Dysregulation isn't a behaviour problem. It's a stress response.
- 3 hours ago
- 2 min read
Last year, something happened to my child at his daycare that's taken me a while to process. Now, I'm ready to talk about.
He was dysregulated and overwhelmed. He needed connection, support, co-regulation — all the things we know matter, but instead, they put him in a corner alone and left him there as, and I quote, "emotional child". I know this because a photo of him in this state was shared with every family in his classroom.
This became his last day at the centre.
In that moment, a moment when I wasn’t there, he was physically isolated because he couldn’t regulate on his own. A strategy that might have made sense on paper, but in practice only widened the gap between what he needed and what he received.
If early childhood educators were provided the resources to learn more about neurodiversity and neuro-affirming care, they would know that what some still see as "misbehaviour" is often a child’s nervous system screaming out for help.

Why isolating dysregulated kids isn’t supportive and what they really need instead.
Dysregulation isn't a behaviour problem. It's a stress response.
When children, especially neurodivergent children, are in a state of overwhelm, they’re not choosing chaos; their bodies are communicating distress. When adults respond by isolating them, sending them behind dividers, or into separate rooms, we teach them that their hard moments must be endured alone.
In that moment, they're not offered safety or tools, but instead silence and the message that their needs are "too much".
I know firsthand how hard it is to stay calm when a child is hitting peak dysregulation. I’ve gotten it wrong before. I still do. Staying regulated yourself in those moments? That’s the work. It’s something I am actively practising daily. Please don’t mistake this message for perfection; it’s coming from a parent still learning, too. However, what I know now is this: co-regulation creates safety, while isolation creates shame.
Here’s what our kids actually need:
A calm, steady, regulated adult who can be their anchor
A space where their big feelings are not punished, but supported, knowing that their dysregulation isn't a behaviour problem
Tools that honour their unique regulation needs (movement, visuals, breathing, time-ins, not time-outs)
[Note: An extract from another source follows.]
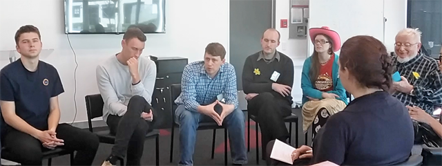 The process is much the same, after a set time of discussion, they small groups are called back and the speaker calls upon someone from each group to make some relevant comments from their small group discussion.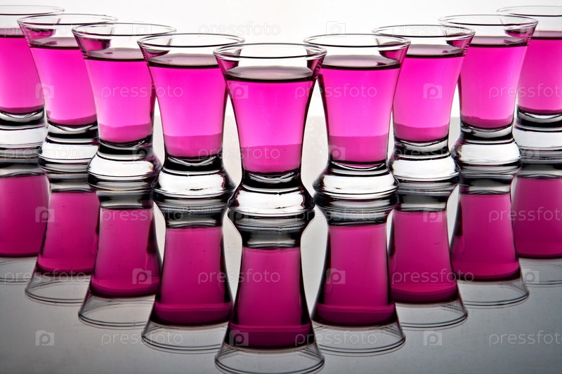 Стеклянные бокалы с розовой жидкостью на сером фоне

Understanding that “attention-seeking” is actually “connection-seeking”
This isn’t just theory. It’s something we live and breathe as a family, and why we’re so vocal about neuro-affirming, strengths-based support. Our kids don’t need more rules. They need relationships. They don’t need more silence. They need safety.
We’ve shared this experience not to blame, but to begin a conversation. One where we can examine the systems, strategies, and assumptions that still exist around dysregulation, and decide together: There’s a better way.
A way that doesn’t ask our children to shrink so the system can stay the same. A way that recognises that even when they’re dysregulated, they are not too much.
And maybe, just maybe, if more families feel safe to speak up, fewer kids will ever need to hear a door close behind them when what they truly need is someone to walk toward them.